[Opening Data section section]
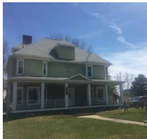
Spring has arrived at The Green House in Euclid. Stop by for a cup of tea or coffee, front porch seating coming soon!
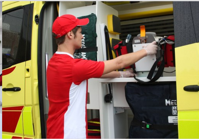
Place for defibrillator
[Closing Data section section]
[Opening Data section section]
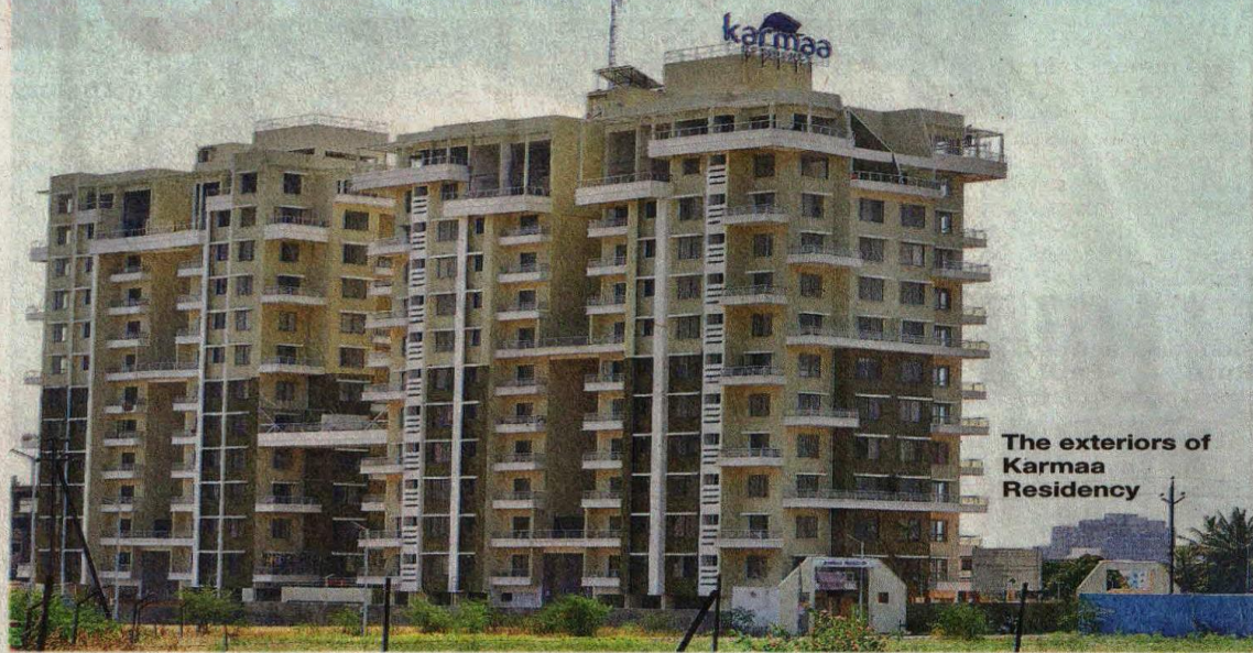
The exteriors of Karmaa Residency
[Closing Data section section]
[Opening Data section section]
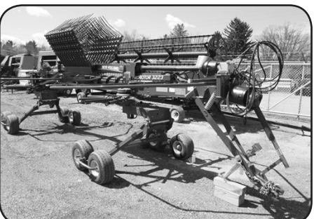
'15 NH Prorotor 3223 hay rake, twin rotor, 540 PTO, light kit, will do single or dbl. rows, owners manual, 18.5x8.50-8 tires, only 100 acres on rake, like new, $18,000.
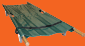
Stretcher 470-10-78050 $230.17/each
[Closing Data section section]
◆ **Task**
In the records above, everything from the line with "Spring has arrived" down to the line with "Place for defibrillator" must be duplicated exactly, both lines kept. Leave no pictures in.

◆ **Written reply**
Spring has arrived at The Green House in Euclid. Stop by for a cup of tea or coffee, front porch seating coming soon!
Place for defibrillator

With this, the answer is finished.